Art by Erin La Bonte. Photo by Rachel Lukas.

“You feel good about it, but you’re never getting over that bump,” he said, speaking frankly about money and balancing the need to earn with the desire to create art. “It’s just, that’s the way it goes. Like I would love the transition to this,” he said, referring to his printmaking, assemblages and puppets. “It’s still rewarding. A hobby.”

Then he paused and reconsidered.

“I’m reluctant to call it a hobby because I feel like being an artist is a frame of mind. You’ve just got to go to work sometimes, and support the things you do want. Then it gives you the freedom to just do what you want and not ask if someone would buy it. You can just do it because you have been bankrolling yourself.”

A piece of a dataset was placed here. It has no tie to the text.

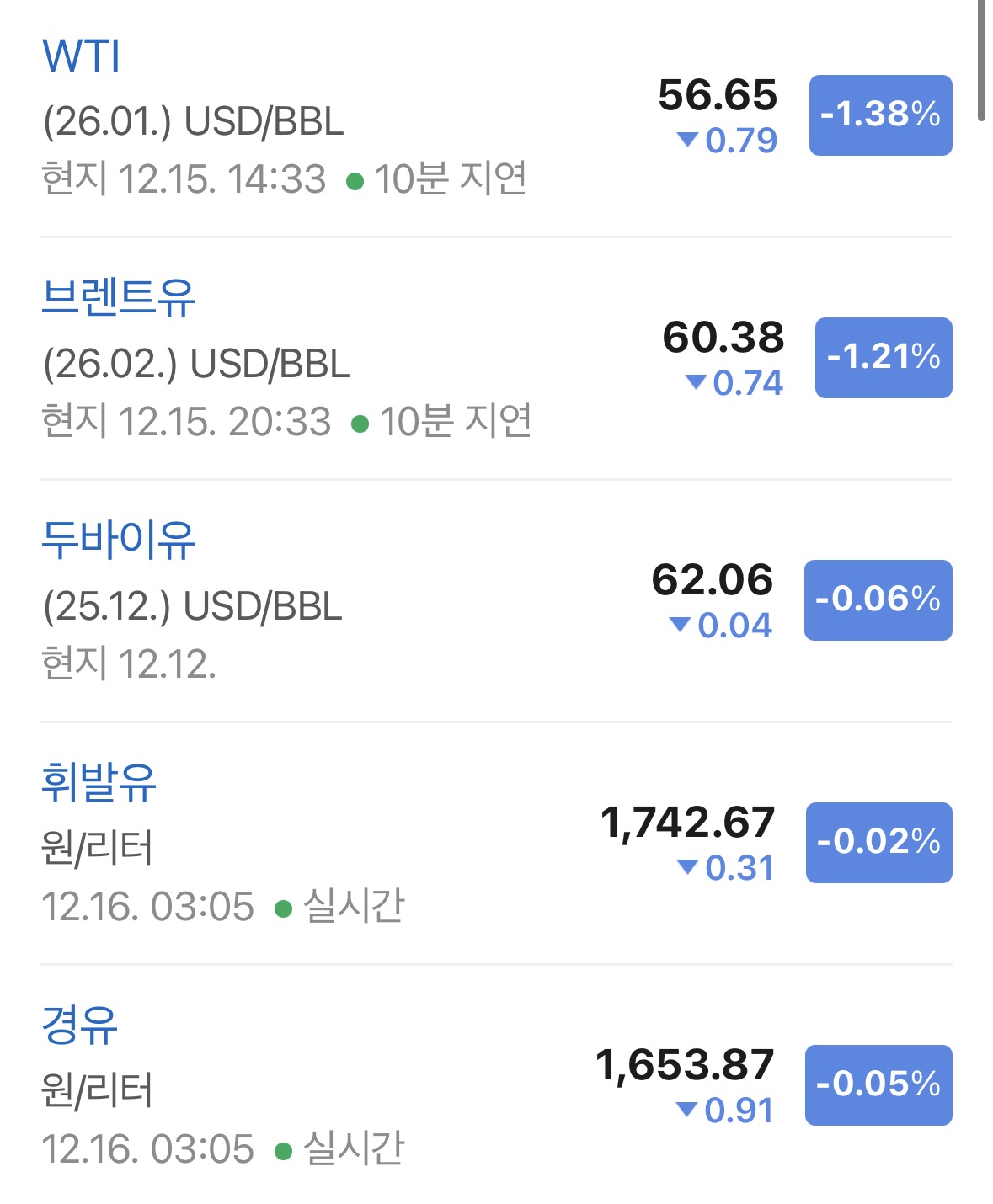* 국제 유가는 하락하였음. 베네수엘라 이슈가 있으며 원유공급이 쉽지 않게 되리라 예상하는데 유가는 하락하고 있음. WTI 기준으로 56.65달러가 되며 1.38% 하락하고 있음.
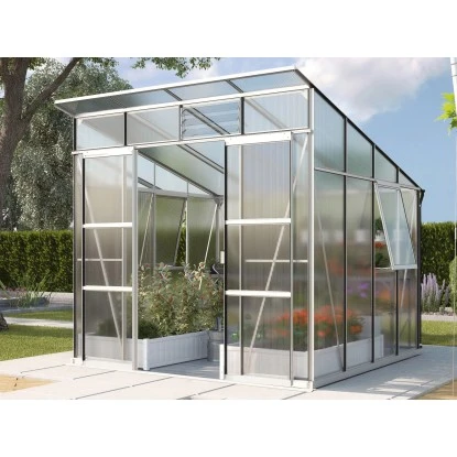 Das Gewächshaus verfügt über einen komfortablen Zugang durch eine breite Doppelschiebetür. Die bodentiefe Türschwelle erleichtert das Eintreten in das Gewächshaus, auch mit Gartenwerkzeugen. Dank des Pultdaches können Sie im Inneren des Gewächshauses aufrecht stehen und angenehm an Ihren Pflanen arbeiten. Falls Sie das Haus abschließen möchten, können Sie dies problemlos tun, da sich an der Tür eine Vorrichtung für ein Vorhängeschloss (separat erhältlich) befindet. Zur verbesserten Belüftung des Gartenhauses, verfügt dieses über ein aufstellbares Seitenfenster.

Krumpos has concluded that with commercial jobs, the rate of pay is inverse to the degree of interest in the work, but he questions how many people can make a living from art.

“This idea of making art and selling it – making a good living off of it – it’s very difficult. I gave up the dream of thinking [that] somebody can be just an artist. It’s very, very difficult. … I think about that stuff all the time, but now I’m taking the pressure off myself a little bit – off any kind of expectation because I really just enjoy my life. I don’t need to show in other galleries because we have our own.”